WILL THE 'NEXT HOCKEY' BE LACROSSE?
EVERY FOUR YEARS soccer makes a case to be a relevant sport, a great one, one that should at least surpass hockey in the minds of most Americans, with the exposure to the World Cup. This year soccer failed. More so than in any World Cup in recent memory.
This year's 64-game tournament, held in Germany, just finished with Italy's anti-climatic penalty kick win over France (and the much-talked about head-butt by French captain Zinedine Zidane), most games it seemed were one-goal games, with the goal coming off a controversial penalty kick (like Italy's iffy call over Australia in a second-round, 93rd-minute 1-0 win), or aid of player ejections that seemed extreme (like the USA's two reds against Italy), and continous dives to call fouls for free kicks (France's win over Spain in the second round came off a non-foul foul).
American TV announcers didn't help. Constantly criticizing the referees is something that works when you're going after the BCS' burps for an audience that truly understands college football. But 'analysts' this time -- like goateed, long-haired Marcelo Balboa -- pulled no punches on the refs, only confirming some budding soccer fans' beliefs that the sport is unexciting or flawed. Rarely will you see more negative coverage (though it may be justified). One announcer, during an Iran game, inappropriately politicized it, by constantly referring to Iran's politics, then even pointed out the 'chill' of seeing an event in the Nuremberg stadium where Nazi rallies had once been held. TV coverage likes to promote story lines in games, and their (convincing) adoration for three or four games straight of French captain Zidane unravelled when he head-butted an Italian player 20 minutes into overtime. He got the red card, and the rest of the game felt stained.

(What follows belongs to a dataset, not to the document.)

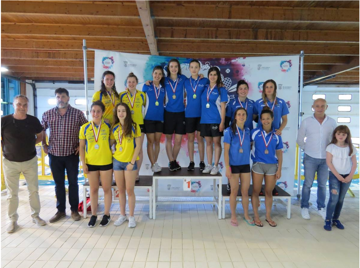
Podium relevos 4x100 estilos feminino.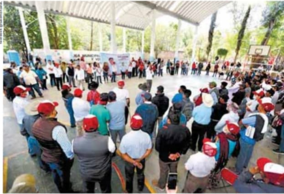
Oaxaca. Apoyo a grupos vulnerables.

Alejandro Avilés Álvarez, candidato del PRI-PRD, sostiene que incrementará los apoyos a los grupos vulnerables: "Habrá el triple de apoyos al campo, a la seguridad, a las mujeres, a los pueblos originarios".

Doesn't the USA have a soccer league?
Most enigmatically, the American soccer league, MLS, seemed to care less that the world's favorite tournament was on during their season. They didn't suspend games, and only made ONE advertisment in 64 games to signal that 'hey, American soccer happens every year... you can watch it now.' They should have at least advertised during US, Mexican, Brazilian and English games. If the New York Red Bulls can, purportedly, afford to pay David Beckham $100 million to play in the USA, SOMEONE should have the money for a few ads. They really missed an opportunity.

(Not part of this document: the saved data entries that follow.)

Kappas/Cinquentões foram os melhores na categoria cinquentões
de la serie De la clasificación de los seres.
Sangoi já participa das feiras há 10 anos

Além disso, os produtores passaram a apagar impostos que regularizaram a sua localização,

Teams were not 'beautiful'
Over-hyped favorite Brazil -- they never play well in Europe -- never gelled on the field. The 'world's team' were never much to see, and they fell in the semi-finals to France 1-0. The Americans, particularly coach Bruce Arena, got bitter from their first-round exit, something TV coverage zeroed in on, like ESPN analyst Eric Wynalda -- a former player -- giving sharp critiques at Arena at every break. Only Italian fans are satisfied with Italy's play in the final. They held out for a post-overtime shoot-out, where their 6'4" goalie had a huge advantage over France's. The 'beautiful game' was a little plain this time.
Wasn't 2002 great?
Recent Word Cups have done a better job. In 2002 co-host South Korea surpassed expectations and the US team came a non-call hand ball in the penalty box from getting pass finalist Germany in the second round. In 1998, host France shocked favorite Brazil 3-0 in the final, and Mexico had some inspired last-second wins to rally around. In 1994, the USA hosted the event, only lost to the winner Brazil in the second round 1-0, and underdog Bulgaria made it to the final four.

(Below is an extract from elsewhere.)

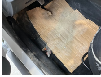
Taban, Paspaslar > Sökülmüş-Yok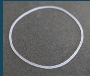
SPR27 (27φ X 0.5mm)

FBO's suggestions for World Cup 2010
--> a) never let a final game be settled by penalty kicks; let teams earn a new sub per every 20 or 30 minutes played in overtime, and go until someone scores; it's better entertainment, and it provides a more satisfying victor
--> b) check replays for ANY penalty kick awarded or red card given; these game-changing plays occurred too much in 2006; the field is so big that it's hard for a ref on it, or two on the sidelines to see what was a dive and what wasn't
--> c) MLS needs to think of how to market itself AT ALL during any World Cup
--> d) TV coverage should stop talking story lines during every break and compile a World Cup overview videos to explain tournament history to people who don't know it (yes! Uruguay won it twice!!), with some of the great goals and controversies on video
--> e) never ever politicize the event
Unfortunately for those Americans who haven't seen the 'beautiful game' when it's beautiful, soccer felt like a game of cheats, dives, ugly defense, and bad refs. A pity.